The Short Answer Part II

I received lots of feedback to “The Short Answer.”  All of it good. 

But I did notice that a lot of folk are missing some of my point. A couple of emails today provoked responses by me that need to be made more public, so I’m following up my original article with a few more thoughts. 

First, however, let me correct an assumption a lot of you seemed to make: that if camera makers would just do what I suggest they’d staunch the smartphone onslaught. Not at all, actually. That ship has sailed and it gets bigger sails and more wind every day. Cameras will never take back what the smartphone took away. And the smartphone will continue to take away photographic opportunities as it gets better and better. 

Still: the camera makers would like to sell cameras. What I’m trying to point out is that in order to do that, you can’t ignore the smartphone, you must instead embrace what it taught us people wanted.

People don’t (think they) need dedicated cameras because they already have something that does an adequate job with them all the time, their smartphone. The only way you get those people to buy a camera is to bridge the gap: (1) you have to make the camera’s use and workflow as simple as they’re used to, but (2) produce a benefit that they don’t currently get that makes it worth carrying/using the added device. 

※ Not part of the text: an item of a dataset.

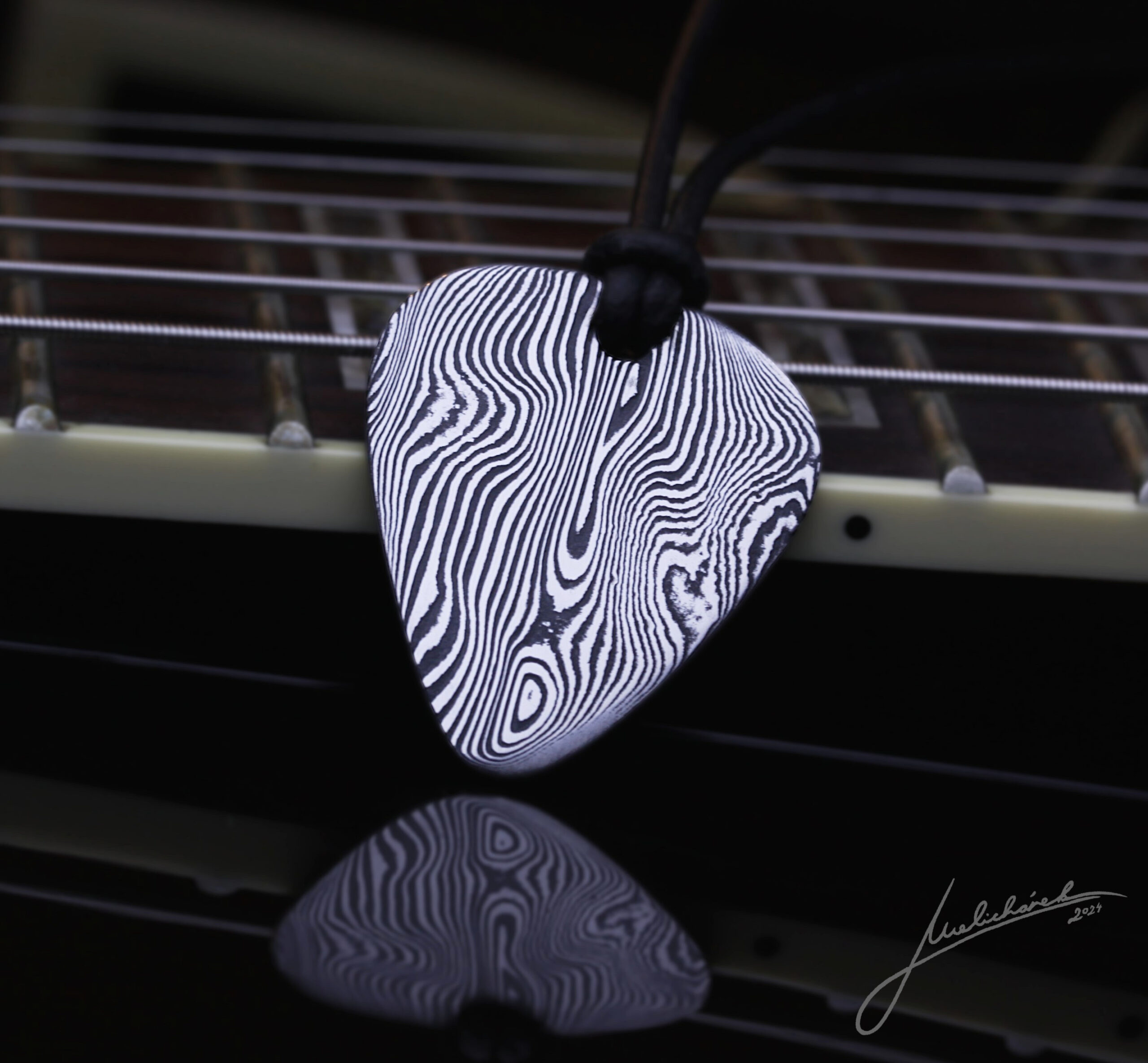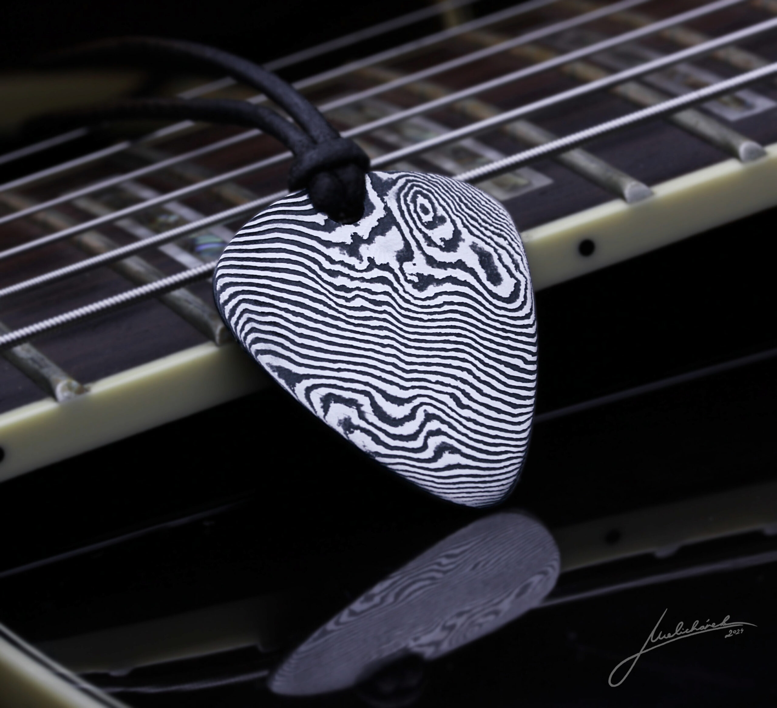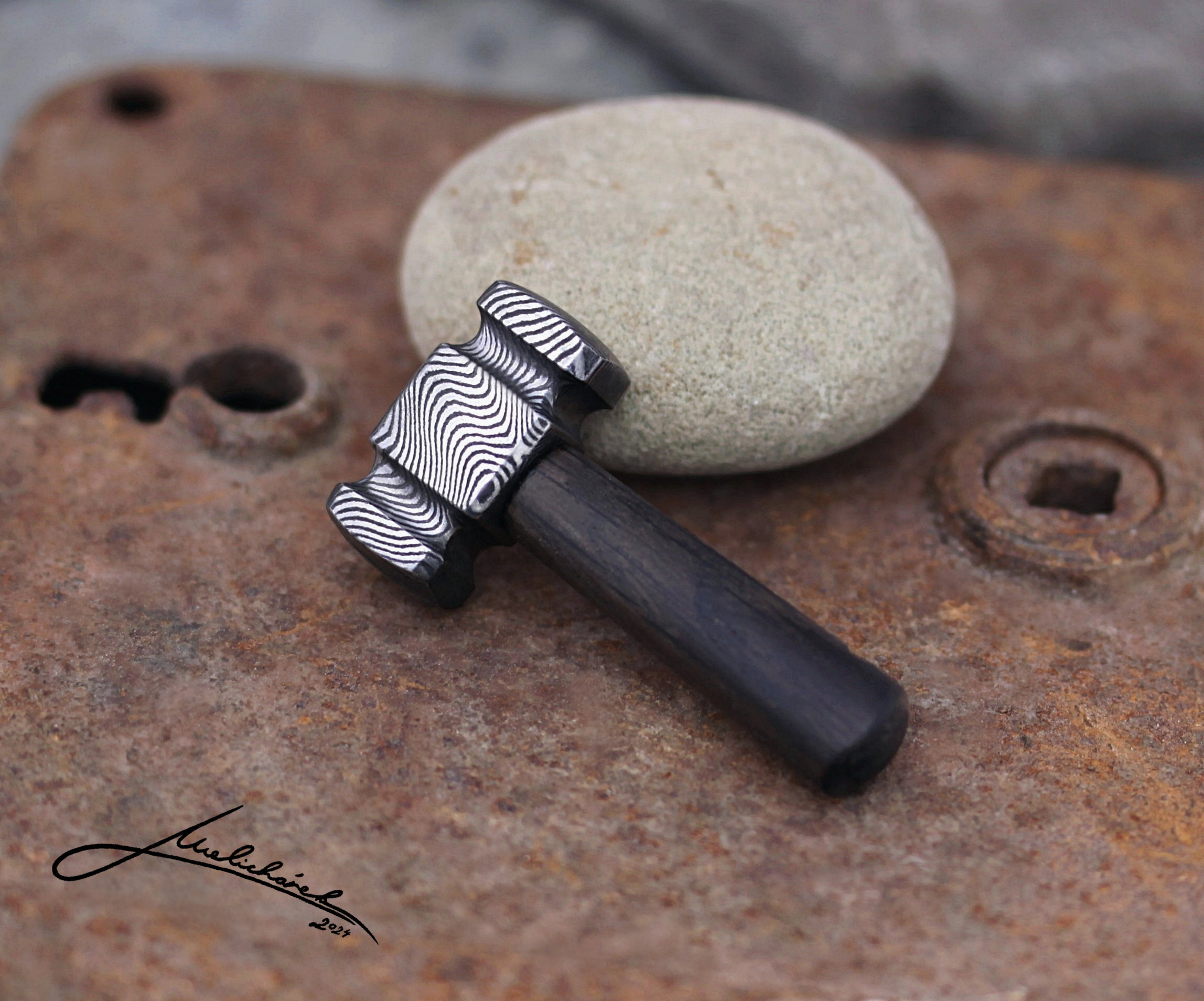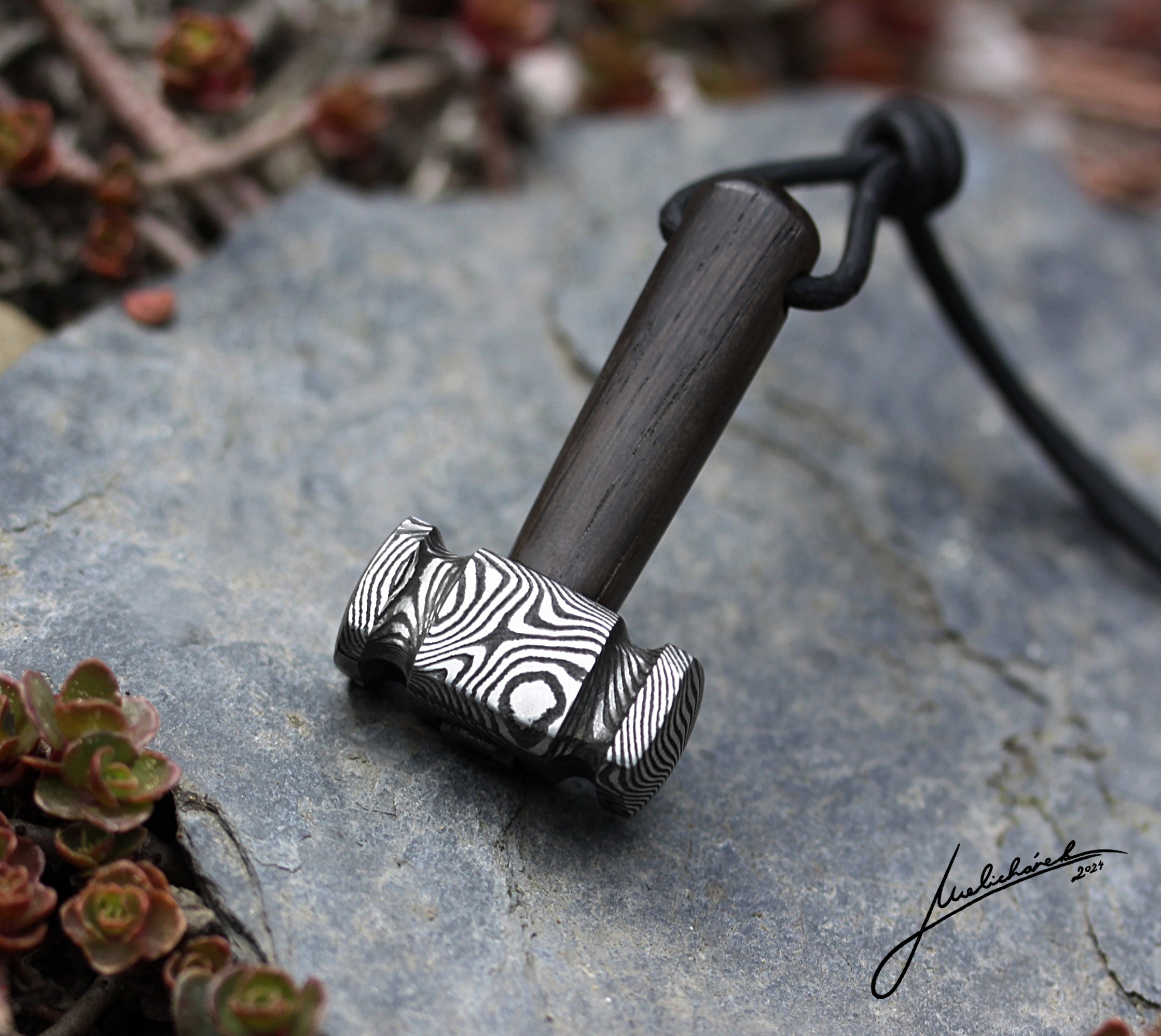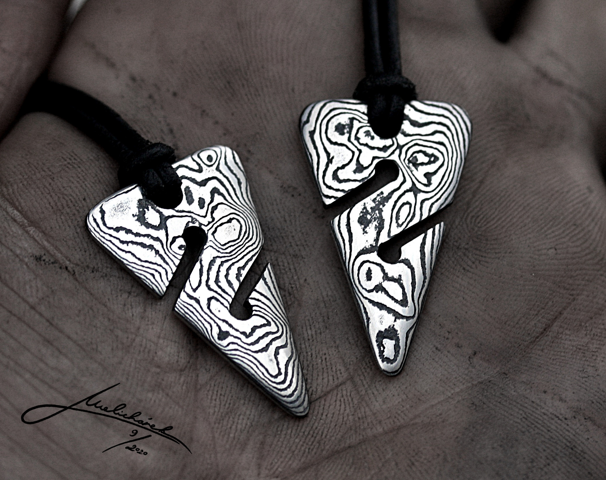 Přívěsek z nerezového damašku inspirovaný potápěčskou směrovou šipkou, která se používá při potápění v jeskyních nebo jiných nepřehledných prostorech. Pomůže Vám udržet správný směr na Vaší cestě 🙂

The camera makers certainly haven’t done #1, and much of that centers around the “sharing” aspect I wrote about. I don’t mean sharing as in “share on Facebook,” by the way, but in a much broader sense: as in “getting my photo from my device to someplace where some other person can see it." We used to “share” photos by taking them out of our wallet or getting out the photo album or mailing duplicate prints to our friends and family or even putting them on a wall. These days we have way more choices, and the thing I was trying to point out is that the smartphone is just far better at getting your photo where you want it than your camera. It “shares” naturally. Cameras don’t. Customers won’t go backwards. Once there’s a “better way” that has to be the way. 

The camera makers' marketing is also terrible at making #2 clear. You’re sitting in the stands of your child’s soccer game and they make the big play. How’d your smartphone do in capturing that? Note that there are smartphones that are already doing a better job of marketing on this very issue than the camera companies are! The ad for the Nokia smartphone where all the parents are rushing the stage with their phones and tablets to try to get more pixels of their child while the 41mp Nokia user sits at the back totally content is a good example. But the camera makers simply aren’t making the same case, even when they add longer lenses to compacts. The best they tend to do is emphasize pixel count or actual focal length numbers, which are just specs, not a true marketing message. User benefit. Those are two words a lot of camera makers need to not only post in big letters over the entrance of their buildings, but also make sure that the marketing departments get fully on top of. That’s going to be tough. Samsung outspends Nikon on advertising what, 10 to the 5th power or something like that? Apple gets the emotion of advertising. Nokia gets the user benefits in their advertising. And both those, too, are spending more than most camera companies on marketing. Is it any surprise cameras aren’t selling so well? So not only do the camera companies need to up their game when it comes to marketing, they’re going to have to up it big time because they’re playing with a smaller megaphone. 

Another aspect that’s getting lost by the camera makers is usability. Take a few raw file shots with your DSLR. Now hand the camera to your mom, or sister, or child and ask them to send shot DSC_1129.JPG via email to your dad and watch what happens. Now take a shot with your smartphone and ask them to do the same. Notice a difference? ;~) Right, the smartphone makers are solving user problems and making discoverability a key point in their user interfaces. The camera makers are adding features and burying them in more controls and menus. And, of course, leaving the real workflow to software on your computer.

But you have to start somewhere. That somewhere was right where I suggested in the original article: “how do I get this shot where someone can see it?” Couple that with “why is this shot better than the one I took with my smartphone” and camera sales will rise again. Fail to answer those questions with dedicated cameras and what we’ll have is a generation raised on mass market devices (smartphones) that aren’t interested in progressing to specialized devices (cameras). 

We’ve seen this same thing play out in other technologies before. You save your industry by understanding why the mass market devices are popular, then finding a way to bridge some of those users to more specialized devices. Your TV has speakers in it. Why are sound bars one of the fastest growing consumer electronics products?